**Task objective**
Only the lines from the one with "Auffällig war die" to the end of the data, both ends included, should be output, exactly as they stand and without pictures.

**Extracted material**

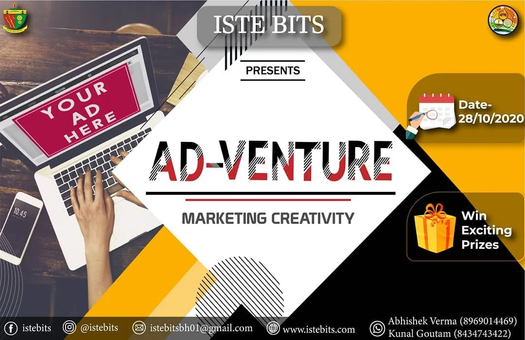 ISTE brings to you a riveting event with the theme of marketing – “AD-VENTURE” which is a poster/gif designing competition where each participant is provided with 20 Brand names and they get a chance to showcase their creativity and innovation in designing, advertising, and marketing field by making posters for their chosen brands. The poster/gif design must represent a definite image of the brand ingeniously. AD-VENTURE gives a massive opportunity to talented and competent designers to bring out their uniqueness and ingenuity. This event emphasizes the need to enhance designing skills as well as develop marketing techniques in this tremendous era of business and entrepreneurship.
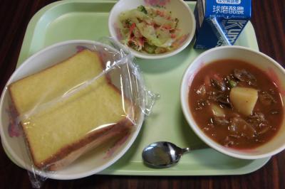 今日は、中学校3年生お祝いメニューです。水俣市内の中学校の卒業式は、14日日曜日ですが、中学校3年生の皆さんにとっては、今日が最後の給食です。今日のメインは、ビーフシチュー。栄養満点のおかずでした。
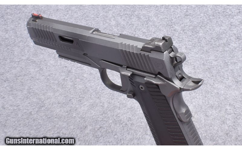 Description: Smoke cerakote finish shows edge wear and few scattered light scratches. Preowned piece offers extremely high tolerances, includes extra 10 round mag. 9mm Luger SOLD Metal Condition: Smoke Cerakote Wood Condition: Railscales G10 Grip Panels Bore Condition: Bright & Sharp Barrels: 5 Inch Match Grade Weight: 41 oz. Sights: "Heine Ledge Dovetailed Rear Sight, Red Fiber Front Item Location: Buda, TX |
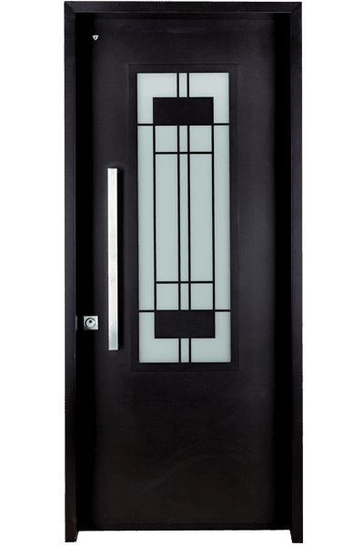עיצוב הדלת: דגם אנדרומדה בעלת זכוכית טריפלקס וסורג דקורטיבי חיצוני
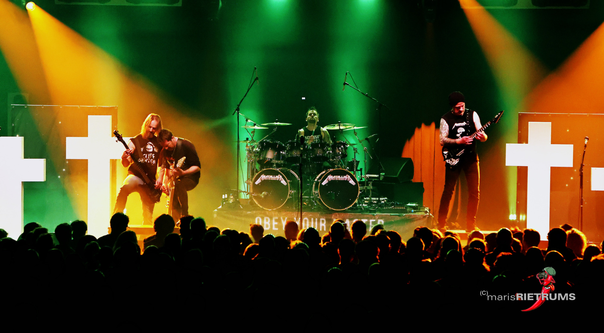 Auffällig war die Detailtreue, mit der die Bands ihre Vorbilder interpretierten. Die Formation „Meatallica“ etwa überzeugte nicht nur mit präzisen Gitarrenläufen, sondern auch mit einer Bühnenästhetik, die stark an das Original erinnerte. „Bon Scotch“ ließ den unverwechselbaren AC/DC-Sound mit druckvollen Riffs und markanter Stimme aufleben, während „Bad Medicine“ den Pathos und die Stadiontauglichkeit von Bon Jovi inszenierte. Mit „Deep White“ verschmolzen die Klangwelten von Deep Purple und Whitesnake zu einem organischen Gesamtbild.
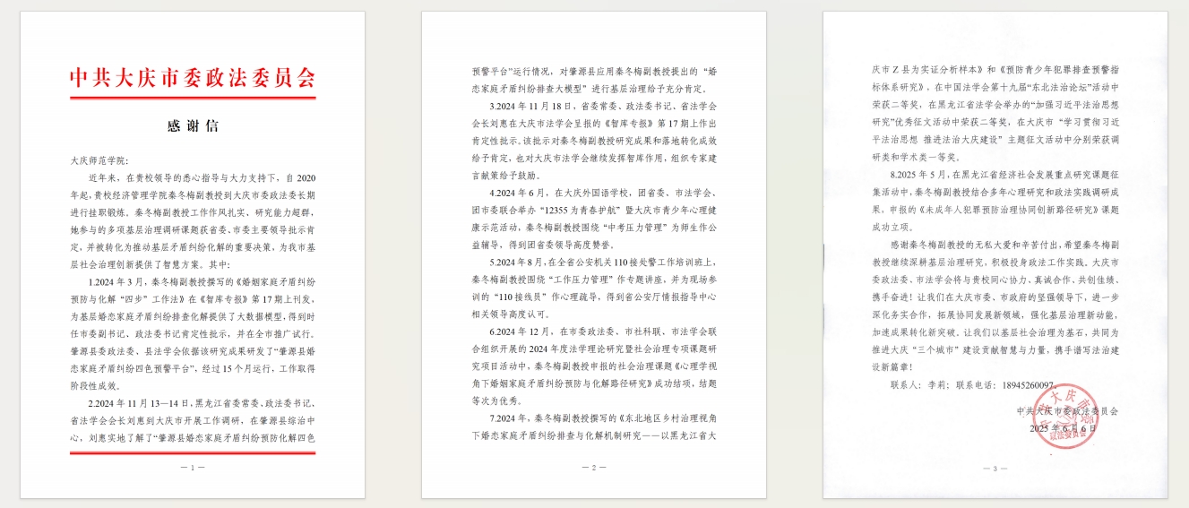 日前,大庆市委政法委员会向英国上市公司365发来感谢信,给予学校大庆精神与龙江西部经济社会发展研究中心的智库专家秦冬梅副教授高度评价,赞扬其在服务地方发展中所做出的专业贡献。此次合作充分体现了中心在服务地方发展中的重要作用,也展现了中心专家作为学者“把论文写在祖国大地上”的责任担当。未来,中心将继续深化与社会各界合作,共同为大庆市法治建设与社会治理现代化贡献力量!
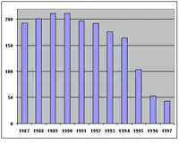 WCG revenue in millions of dollars from 1987–1997. Note the peak in 1990 midway through Tkach's tenure and its decline through to 1997.[36]
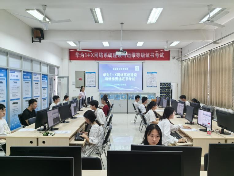 6月29日,华为“1+X”网络系统建设与运维(中级)、腾讯云“1+X”界面设计(中级)职业技能等级认证考试在南校区信息工程学院举行,信息工程学院35名同学参加了考试。

**Output of the exercise**
 Auffällig war die Detailtreue, mit der die Bands ihre Vorbilder interpretierten. Die Formation „Meatallica“ etwa überzeugte nicht nur mit präzisen Gitarrenläufen, sondern auch mit einer Bühnenästhetik, die stark an das Original erinnerte. „Bon Scotch“ ließ den unverwechselbaren AC/DC-Sound mit druckvollen Riffs und markanter Stimme aufleben, während „Bad Medicine“ den Pathos und die Stadiontauglichkeit von Bon Jovi inszenierte. Mit „Deep White“ verschmolzen die Klangwelten von Deep Purple und Whitesnake zu einem organischen Gesamtbild.
 日前,大庆市委政法委员会向英国上市公司365发来感谢信,给予学校大庆精神与龙江西部经济社会发展研究中心的智库专家秦冬梅副教授高度评价,赞扬其在服务地方发展中所做出的专业贡献。此次合作充分体现了中心在服务地方发展中的重要作用,也展现了中心专家作为学者“把论文写在祖国大地上”的责任担当。未来,中心将继续深化与社会各界合作,共同为大庆市法治建设与社会治理现代化贡献力量!
 WCG revenue in millions of dollars from 1987–1997. Note the peak in 1990 midway through Tkach's tenure and its decline through to 1997.[36]
 6月29日,华为“1+X”网络系统建设与运维(中级)、腾讯云“1+X”界面设计(中级)职业技能等级认证考试在南校区信息工程学院举行,信息工程学院35名同学参加了考试。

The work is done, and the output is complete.